Thanks to modern Bluetooth 5.2, initial contact with an external player is trouble-free. The Air Pro 2 can be operated individually, but multipoint is not offered, so to change the external player, the first one must be disconnected and the procedure triggered again. The transmission range in an office with many nooks and crannies was a good eleven metres through walls; outdoors, with visual contact, connection over more than 20 metres was possible. The signal is SBC- or AAC-encoded and sent to 10 mm titanium drivers, which are housed in a sweat- and splash-proof IPX5-certified casing, which is shaped in typical AirPods style. These fit very well if the right adaptor is used.
The touch surfaces on the backs of the in-ears respond reliably and quickly to single, double and triple taps, with volume controls in addition to remote and phone controls. ANC, HearThrough and digital assistant are controlled by tapping and holding on the left and right in-ear, respectively. If an in-ear is removed from the ear, the programme stops until the earpiece is reinserted, although this is sometimes somewhat unreliable – the programme continued to run even though the in-ears were on the table.
Active noise cancellation
The four microphones on the Air Pro 2 take care of cancelling out ambient noise, and this works very well, especially since the mechanical isolation provided by these tight-fitting in-ears already reduces a lot of outside noise. The hybrid ANC turns the noise of a roaring lorry into a whispering small car, and general street noise is also reduced, especially the low to medium interference frequencies, and this does not lead to dead silence in the head, but instead has a considerable soothing and calming effect. If you listen with the ANC on while working, you will notice – in addition to a distinct diving bell effect – how a quiet hissing and, most notably, a crackling accompanies the operation, and this is disturbingly noticeable during quiet passages of music. If you want to hear your surroundings better without taking the Air Pro 2 out of your ears, you can switch on the transparency mode that directs outside noise into the ear via the microphones; typically, this sounds artificial and noisy but allows enough for a brief eavesdrop on your surroundings and allows you to exchange a few words in a shop. ANC and HearThrough are susceptible to wind noise, even though EarFun advertises that this is detected and suppressed by an algorithm. However, it does happen and becomes more and more annoying when ANC is switched to Transparent mode, especially when cycling.

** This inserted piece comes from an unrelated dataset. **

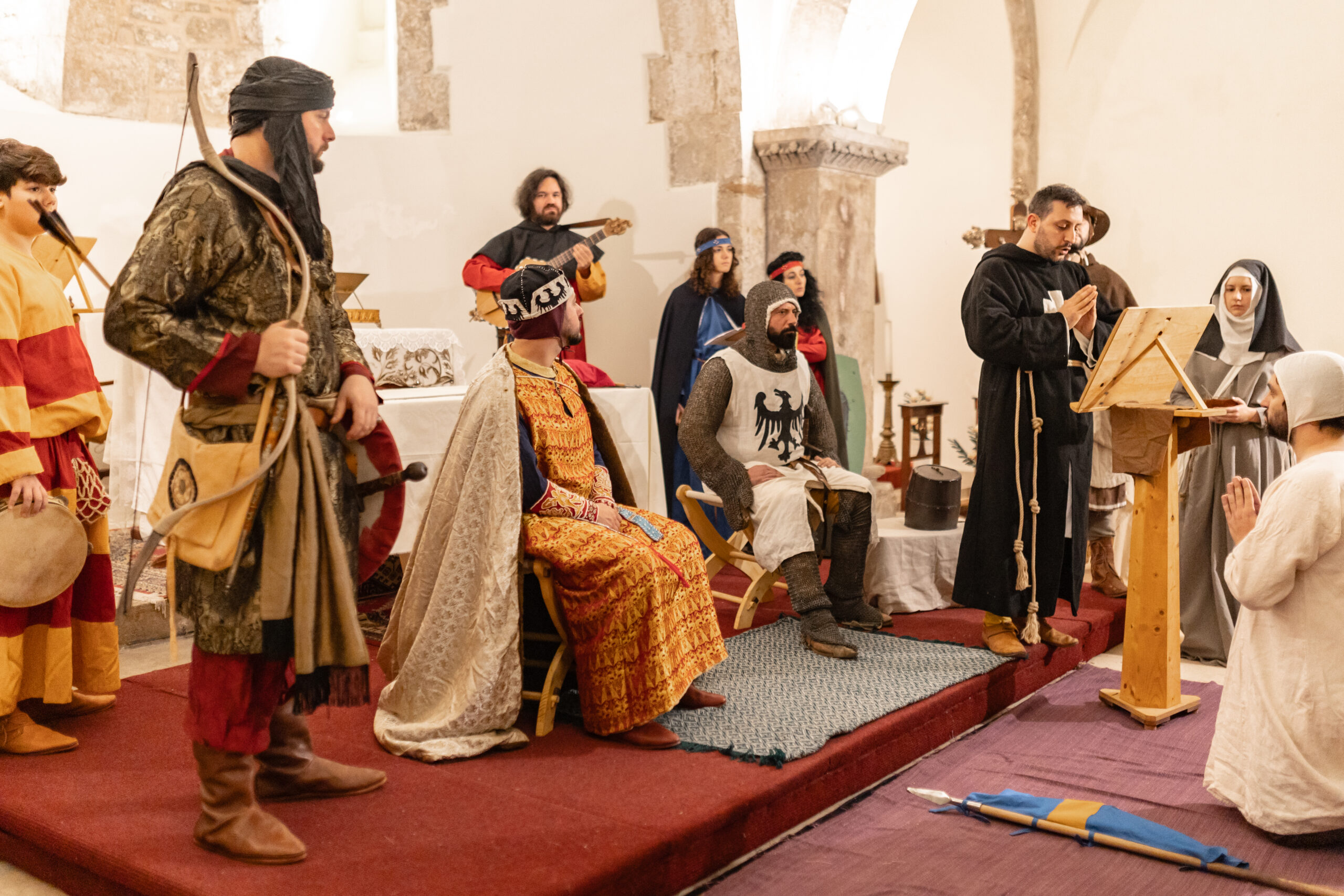 Il percorso di divulgazione sarà inoltre scandito da momenti performativi di alto valore evocativo, concepiti come strumenti di narrazione della memoria collettiva. Tra questi, particolare rilievo sarà dato alla cerimonia di investitura di un cavaliere, ricostruita fedelmente sulla base delle fonti documentarie e iconografiche superstiti. Tale attività permetterà agli spettatori di comprendere i complessi rituali e i codici d’onore dell’élite militare sveva, garantendo un’esperienza culturale rigorosa e scientificamente attendibile.

Sound-wise, the Air Pro 2 focus on bass, neglect the mids somewhat, and offer pretty clear and transparent highs in the upper ranges. With a little EQ balancing, the overall result is a well penetrating, round sound that is fun to listen to, does not tire the ears even after a long listening period that offers enough room for more complex music to unfold, even if it fails to deliver a really great listening experience. When ANC is activated, the sound is boosted a little more from below, and the mids seem fuller, which makes the sound a little more full-bodied, but it does not make a dramatic change compared to normal mode.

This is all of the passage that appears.